I have been thinking about the subject of being gay a lot lately. I think I usually do when things in my marriage get "normal". That is usually around the holidays. I think because you spend so much time with family, and focus on the happy things. Focus on the things that matter.
My wife has been wanted to go do things together. She mentioned going to a Kenny Roger's Christmas concert. That would be lots of fun, but I told her that money is such an issue right now, we should be careful with our money. Over $100 to go to see Kenny Rogers sing Christmas Songs is a lot of money.
We are talking about "normal" things. All this normal makes me think back. Why do I think I'm gay? Is it just my addiction to gay porn? Is it because I read about Men's fantasies about other men when I was a young teenager? Was it my experiences with other boys when I was pre-teen and teen?
1. Gay Porn: Yes I love to watch gay porn. When I was younger I never got to see gay porn. Once in a while I would get to grab on to a magazine in the house. I never knew where they came from, but I found them form my brother, or maybe my dad. I don't really remember. I didn't really like looking at women and their girl parts. I only wanted to see the hard core stuff. At the time, I didn't understand it, but I know that I only wanted to see the men's parts. I was looking at them. I even remember when I was living by myself, when I got a video, I wanted to watch the guys have sex with the men, and fast forwarded through any parts with out men. Later on in my life when I discovered phone sex, I started with the women, but then found that it was a lot more fun with the men. Okay. One check mark for gay.
2. Men on Men Fantasies: I think I have written about this before, but my dad had a book about Men and their fantasies. I found it and stole it. I read it a lot in the bathroom. I always read the ones about Men with other men. I read the others, but not very often... Okay. two check marks for gay.
3. Other Experience with boys: I won't get specific, but yes, I had a lot of jack-off sessions with boys, most relatives, etc.... I remember one time, that was not a a JO session where another boy cousin and I were playing house of some kind. I ended up being the woman, and he got on top of me and "humped' me with my clothes on. It didn't last long, and I don't remember it really being sexual, but it felt right. I do remember others that were a little more sexual. It is funny how my sexual memories as a child are so vivid. (another story?) I mean all of them.. I know where, when, what smell, etc.... I feel like these all felt right. Okay, three check marks for gay.

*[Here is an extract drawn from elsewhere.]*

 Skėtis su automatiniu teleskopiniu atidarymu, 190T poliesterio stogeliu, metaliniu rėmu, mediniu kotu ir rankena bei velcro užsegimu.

4. I have never been in love with another man. That is the only thing that gets me. Is it all sexual? I believe I was on my way to falling for a man. This is when I was going through the process of telling my wife. I would have long talks with a married guy, who had told his wife. We were having secret lunches, and talking on the phone a lot. We only were naked once, and this was with another guy. He was so nice and sexy, and great it bed, and this was all before our long talks. I knew if my wife would have said go, I would have ran to him. We don't talk now. I think this means I have the capacity to love a man. Okay, four check marks for gay.
I know this is not scientific. I just needed a way to think about it. I still wonder. Maybe I just don't know me. Maybe I should just stay away from those urges. Tried it. Is it an addiction? That's it, I'm addicted to men, and I can change it.